We adopt the convention that the BO objective is maximisation (a band gap to maximise, an efficiency to maximise). Minimisation is recovered by negating the target.

Key Idea (Box 11.3.A)

An acquisition function \(\alpha(\mathbf{x})\) is a scalarisation of the surrogate posterior \((\mu(\mathbf{x}), \sigma(\mathbf{x}))\) that encodes the experimenter's preferences about the exploration-exploitation trade-off. The three workhorse choices — expected improvement, upper confidence bound, Thompson sampling — differ only in how they combine \(\mu\) and \(\sigma\) into a single number; the underlying surrogate is the same.

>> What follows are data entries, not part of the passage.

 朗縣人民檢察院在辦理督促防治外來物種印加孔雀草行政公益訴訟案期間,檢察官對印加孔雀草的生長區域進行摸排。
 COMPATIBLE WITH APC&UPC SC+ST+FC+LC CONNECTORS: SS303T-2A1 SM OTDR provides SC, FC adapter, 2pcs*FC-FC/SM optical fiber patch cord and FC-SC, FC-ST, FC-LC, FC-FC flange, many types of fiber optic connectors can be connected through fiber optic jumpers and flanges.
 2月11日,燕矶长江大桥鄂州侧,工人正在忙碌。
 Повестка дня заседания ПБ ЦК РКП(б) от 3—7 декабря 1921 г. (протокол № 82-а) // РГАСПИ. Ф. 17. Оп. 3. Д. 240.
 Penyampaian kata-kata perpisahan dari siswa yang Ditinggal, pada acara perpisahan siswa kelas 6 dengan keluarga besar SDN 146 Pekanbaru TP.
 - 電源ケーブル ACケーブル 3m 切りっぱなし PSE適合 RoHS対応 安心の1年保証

11.3.1 Expected Improvement

Let \(f^+ = \max_i y_i\) denote the best observed value so far, where the \(y_i\) are the noisy training labels (some authors use the latent function value at the best observed input; the difference is small in practice). Define the improvement of a candidate \(\mathbf{x}\) as $$ I(\mathbf{x}) = \max(f(\mathbf{x}) - f^+, 0). $$ This is non-negative: a candidate that exceeds the current best by \(\Delta\) achieves improvement \(\Delta\); a candidate that underperforms achieves zero improvement.

Under the GP posterior, \(f(\mathbf{x}) \sim \mathcal{N}(\mu(\mathbf{x}), \sigma^2(\mathbf{x}))\), and the improvement is a random variable. The expected improvement is the expectation of \(I(\mathbf{x})\) over this posterior: $$ \mathrm{EI}(\mathbf{x}) = \mathbb{E}!\left[\max(f(\mathbf{x}) - f^+, 0)\right]. $$ This is the central acquisition function of Bayesian optimisation. We derive its closed form.

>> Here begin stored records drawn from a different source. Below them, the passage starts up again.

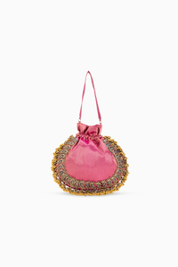 Featuring the Pink Leander Potli by 5 Elements by Radhika Gupta. A chic accessory blending simplicity and elegance, crafted with finesse. Its plain design showcases timeless style, while the metallic moor detailing adds sophistication, making it perfect for any occasion, seamlessly merging tradition with contemporary fashion.
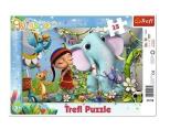Pomysłowe puzzle dla młodszych dzieci z wesołą grafiką. Układanka zawiera 15 elementów umieszczonych w ozdobnej, spójnej graficznie ramce, tworzącej z obrazkiem bardzo ładną całość. Dodatkowo ramka ułatwia młodszym dzieciom ułożenie obrazka i pozwala na bezpieczne przenoszenie układanki, dzięki czemu swobodnie ozdobimy nią pokój. Wyraziste kolory i prosty wzór są idealnie dostosowane do wieku i umiejętności dziecka. Wymiary obrazka - 26 x 16 cm. Wiek 3+
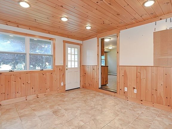 Single level living with country charm! The exterior of the home boasts a large and level back yard, cedar shingles, a young roof, single stall garage with a 220v outlet, off street parking for four, and a cement slab for a boat or camper parking. The three season, knotty pine sunroom allows exterior access to the front and back yard and flows into the kitchen. The eat-in kitchen features a cooktop range, knotty pine cabinetry and brick feature wall. Oak hardwood flooring flows through out the living and bedrooms. Both bedrooms are equipped with ample closet space. The bathroom features a tiled shower and jetted tub. Solar panels to be transferred to the Buyer. Property is being sold AS-IS. Some peeling paint on the exterior, may not qualify for all financing types.
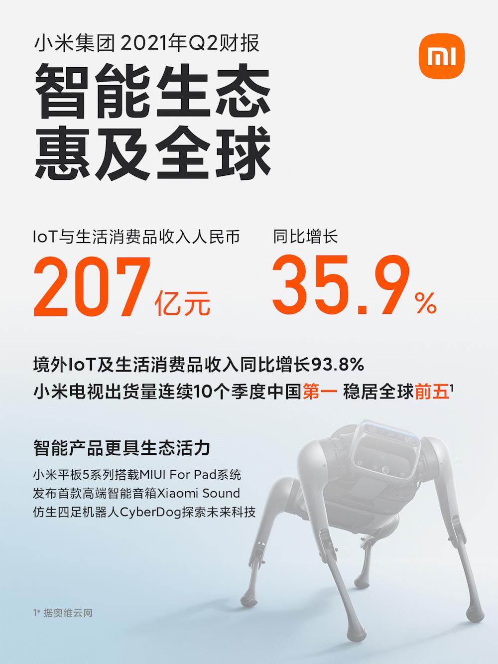 小米电视连续十个季度中国第一:2021年Q2,小米IoT与生活消费品收入人民币207亿元,境外IoT与生活消费品收入同比增长高达93.8%。小米电视出货量连续10个季度保持中国第一。我们的智能产品更加具有生态活力。
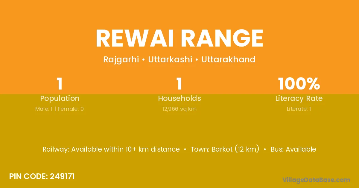 Barkot (12 km) is the nearest town to Rewai Range village for major economic activities and is located approximately 12 km away.
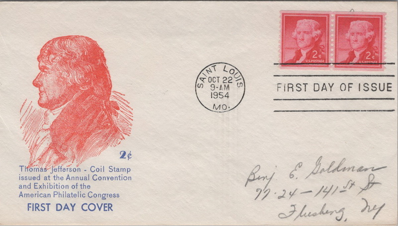 | | First Cachets | | 817 | 1055 | 10/22/1954 | Thomas Jefferson, Coil; Thomas Jefferson Society of the United States of America; FB; blue/red; PR MC PA | $15.00 |
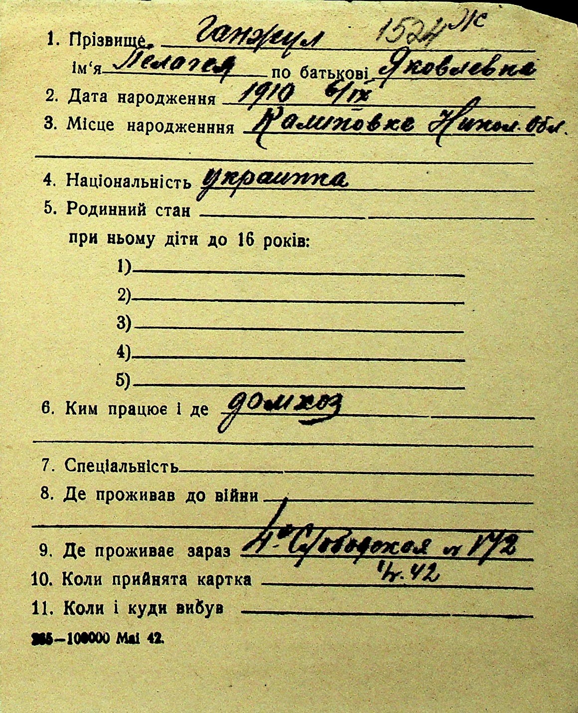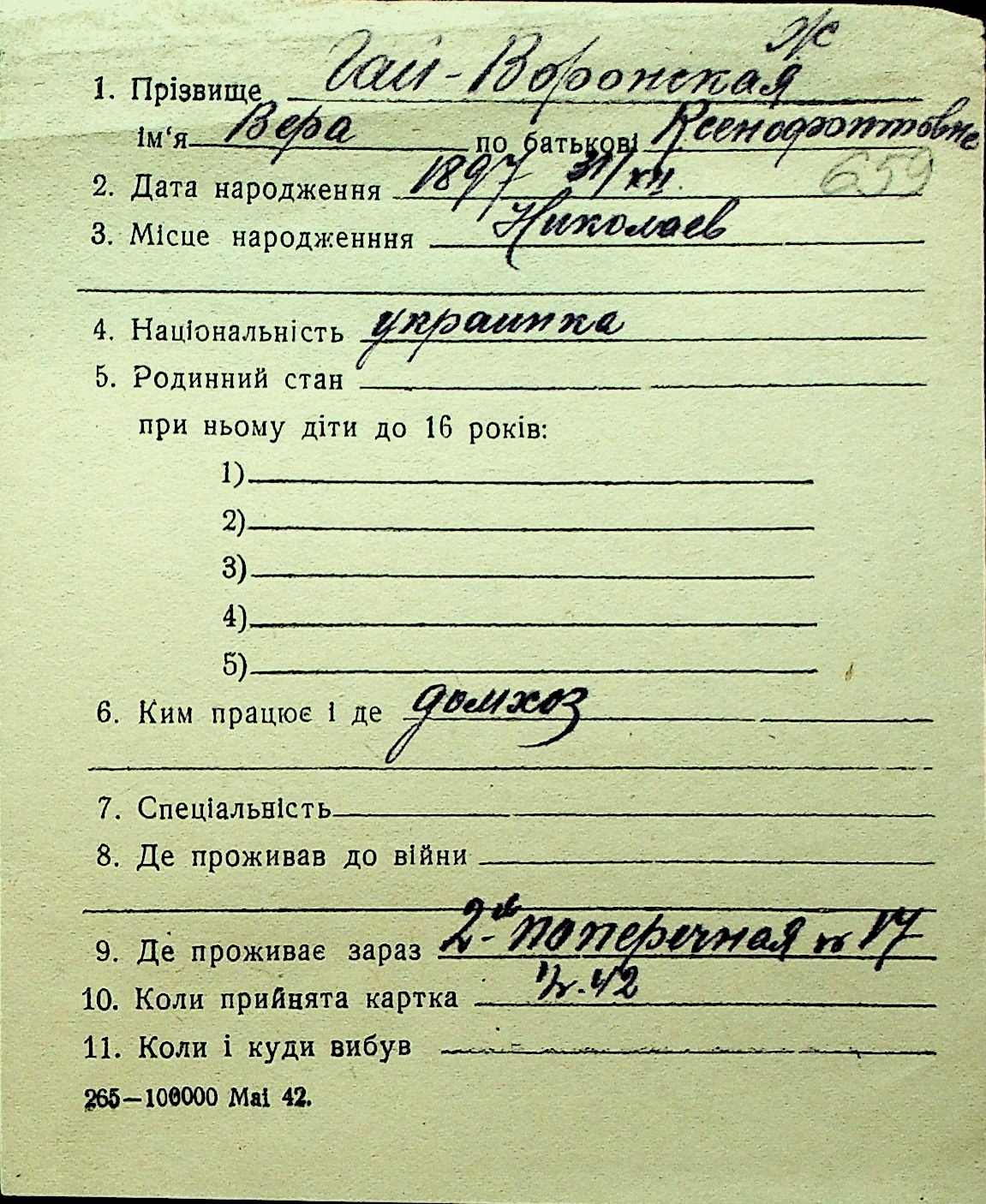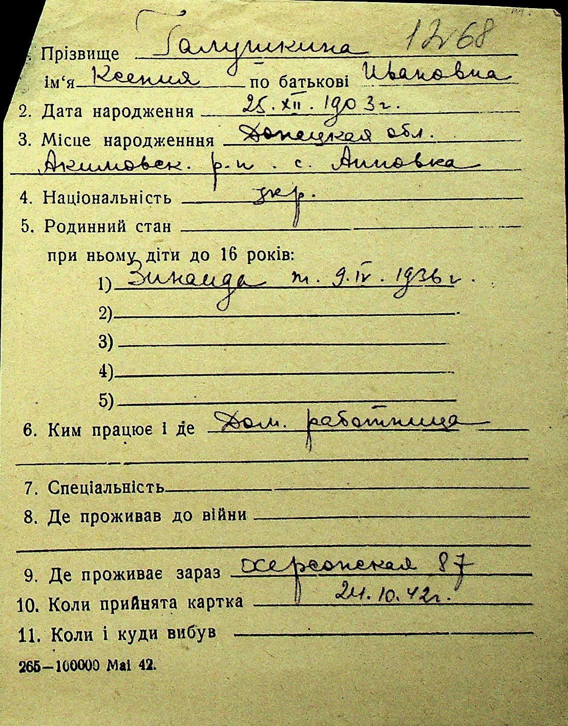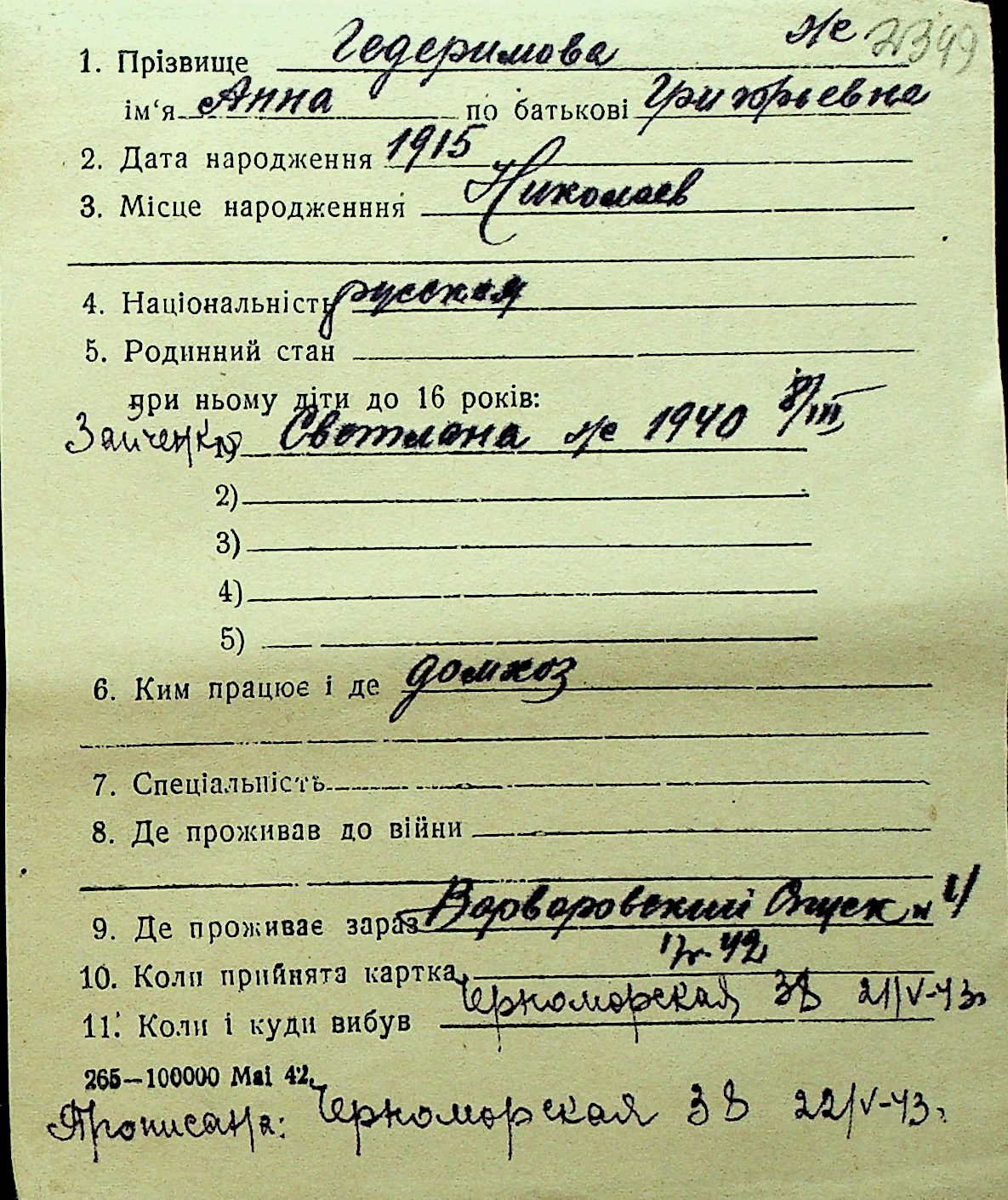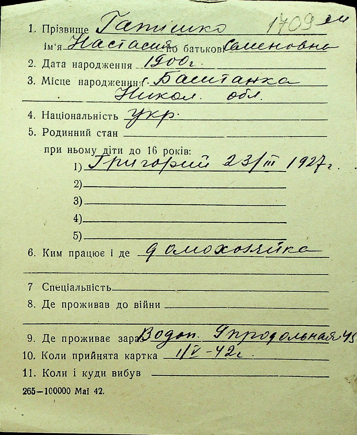 • • Перелік карток до фонду № Н-1016

Theorem 11.3.1 (Mockus 1975; Jones, Schonlau & Welch 1998)

Let \(f(\mathbf{x}) \sim \mathcal{N}(\mu(\mathbf{x}), \sigma^2(\mathbf{x}))\) with \(\sigma(\mathbf{x}) > 0\), and let \(f^+ \in \mathbb{R}\) be a fixed threshold. Define \(z = (\mu(\mathbf{x}) - f^+)/\sigma(\mathbf{x})\). Then the expected improvement is $$ \mathrm{EI}(\mathbf{x}) = \mathbb{E}!\left[\max(f(\mathbf{x}) - f^+, 0)\right] = (\mu(\mathbf{x}) - f^+)\Phi(z) + \sigma(\mathbf{x})\phi(z), $$ where \(\phi\) is the standard normal PDF and \(\Phi\) the standard normal CDF. Equivalently \(\mathrm{EI}(\mathbf{x}) = \sigma(\mathbf{x})[z \Phi(z) + \phi(z)]\).

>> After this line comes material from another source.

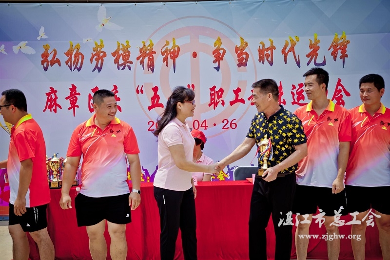 麻章区总工会主席邵小红为获奖队伍颁奖

Proof. See derivation below.

Let \(Z = (f(\mathbf{x}) - \mu(\mathbf{x})) / \sigma(\mathbf{x})\) be the standardised posterior variable; it is standard normal. Then \(f(\mathbf{x}) - f^+ = \sigma(\mathbf{x}) Z + (\mu(\mathbf{x}) - f^+)\). Define $$ z = \frac{\mu(\mathbf{x}) - f^+}{\sigma(\mathbf{x})}. $$ Then \(f(\mathbf{x}) - f^+ = \sigma(\mathbf{x})(Z + z)\), which is non-negative iff \(Z \geq -z\). Therefore $$ \mathrm{EI}(\mathbf{x}) = \int_{-z}^{\infty} \sigma(\mathbf{x})(z' + z) \phi(z') \, dz', $$ where \(\phi\) is the standard normal density. Splitting the integral, $$ \mathrm{EI}(\mathbf{x}) = \sigma(\mathbf{x}) \left[ z \int_{-z}^{\infty} \phi(z') \, dz' + \int_{-z}^{\infty} z' \phi(z') \, dz' \right]. $$ The first integral is \(1 - \Phi(-z) = \Phi(z)\), where \(\Phi\) is the standard normal CDF. The second uses \(\int z' \phi(z') dz' = -\phi(z')\): $$ \int_{-z}^{\infty} z' \phi(z') \, dz' = -\phi(z')\Big|_{-z}^{\infty} = \phi(-z) = \phi(z). $$ Assembling, $$ \boxed{ \mathrm{EI}(\mathbf{x}) = \sigma(\mathbf{x}) \left[ z \Phi(z) + \phi(z) \right], \qquad z = \frac{\mu(\mathbf{x}) - f^+}{\sigma(\mathbf{x})}. } \tag{11.4} $$ This is the form derived by Mockus (1975) and rediscovered by Jones, Schonlau and Welch (1998) — the latter is the paper most cited in the modern BO literature.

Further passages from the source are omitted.